Ya sabemos como van las Yamaha XJ 900 en circuito. Juan Garriga con la XJ 900 de Juan Vilaró ganó dos mangas en Albacete delante de Paco Rico con una Honda CB 900 y delante de las Honda VF 750 de "Aspar" y Andrés Pérez Rubio. En el Jarama las carreras han sido ganadas por Andrés Pérez Rubio con Suzuki GSX 1.100 (2) Sixto Martín (Guzzi Le Mans oficial) y Falo Fernández con Ducati Pantah 600. ¿Cómo iría una BMW K en una carrera de estas? Pues con la K de esta prueba hice una sesión de media hora en el Jarama. Rodé con bastante precaución sobre todo porque me temo que una caída al lado izquierdo sin protectores de cárteres (un accesorio que me parece funda-mental y que BMW ya ofrece en España) podría causar destrozos muy importantes a la culata. Durante un par de vueltas rodé, según los hombres de Moto Acción, en 1,49 nada mal para una moto de estricta serie, pero no iba a por ningún crono, sino quería llegar a conclusiones sobre el comportamiento de la K durante conducción en circuito. Y el circuito es otro mundo. En carretera solo había llegado a rozar las estriberas y la pata de cabra un par de veces. Pero en el Jarama la K rozaba en todas las curvas desde la primera vuelta. Solo tocan caballete, pata y estriberas, el silencioso no. El largo recorrido de horquilla de 185 mm. es excesivo para una "moto de competición" y si durante conducción deportiva civilizada en montaña no hace falta un sistema anti-dive, en circuito la K se hunde exageradamente llegado a dar tope de horquilla en Bugatti. Al bajar a segunda marcha para Bugatti y Le Mans los rebotes del tren trasero son grandes y casi inevitables.

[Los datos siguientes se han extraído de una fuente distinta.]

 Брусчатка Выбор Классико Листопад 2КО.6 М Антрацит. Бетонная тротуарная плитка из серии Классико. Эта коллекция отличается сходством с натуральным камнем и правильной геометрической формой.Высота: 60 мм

Después de unas cinco vueltas empezaba a encontrarla corta de frenos al final de recta y en general la moto resultó blanda de suspensiones con cierta flotación de dirección en la curva del Túnel y en Varzi, las dos curvas rápidas. Subía la Rampa de Pagaso noblemente, y los Pirelli Phanton dieron confianza, aunque tal vez con tendencia a derrapar sin avisar cuando se calentaron.

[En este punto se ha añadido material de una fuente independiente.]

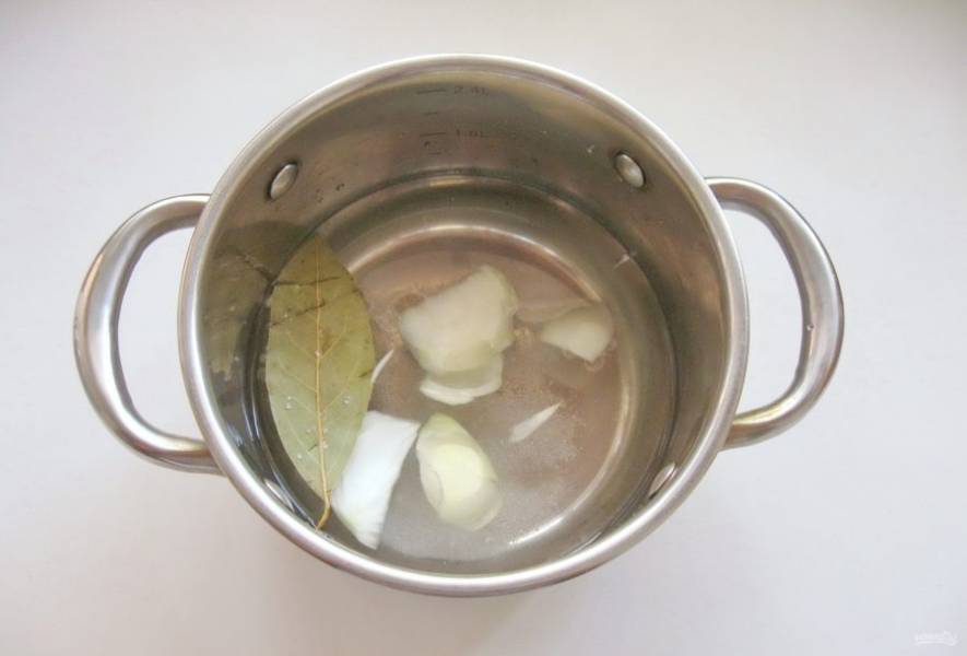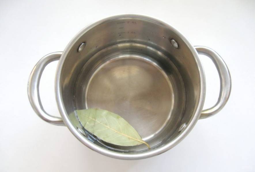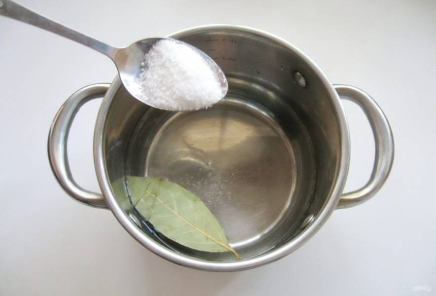 Приготовьте маринад для баклажанов. В кастрюлю налейте воду, добавьте лавровый лист.

Pero no descubrí en el circuito ningún defecto tan importante para quitarles ilusiones a los que están pensando en correr con una K. Habría que endurecer, levantar estriberas, acortar desarrollo final y probablemente sustituir el amortiguador trasero... es decir habría que hacer lo que se hace con las demás motos de serie cuando se las meten en circuito. Pero habiendo rodado también durante condiciones semejantes con las demás motos de esta prueba, no quiero dar falsas esperanzas. Con la Honda VF 750 F y Laverda RGS 1.000 rodé en 1,47 y 1,48 respectivamente con menos esfuerzo que me costó rodar en 1,49 con la K y puesto que para estar delante en el Jarama en siluetas hay que estar allá por los 1,44/1,43 pues se ve que la K tiene un handicap frente a motos como la Yamaha XJ 900, Ducati Pantah, Guzzi Le Mans y Honda VF 750 F.

La Yamaha XJ 900 tiene muy buena aceleración y hemos visto en las 24 Horas de Montjuic y en Albacete que una vez a punto las suspensiones ésta tetracilíndrica de 97 CV de catálogo es una moto competitiva y bastante noble.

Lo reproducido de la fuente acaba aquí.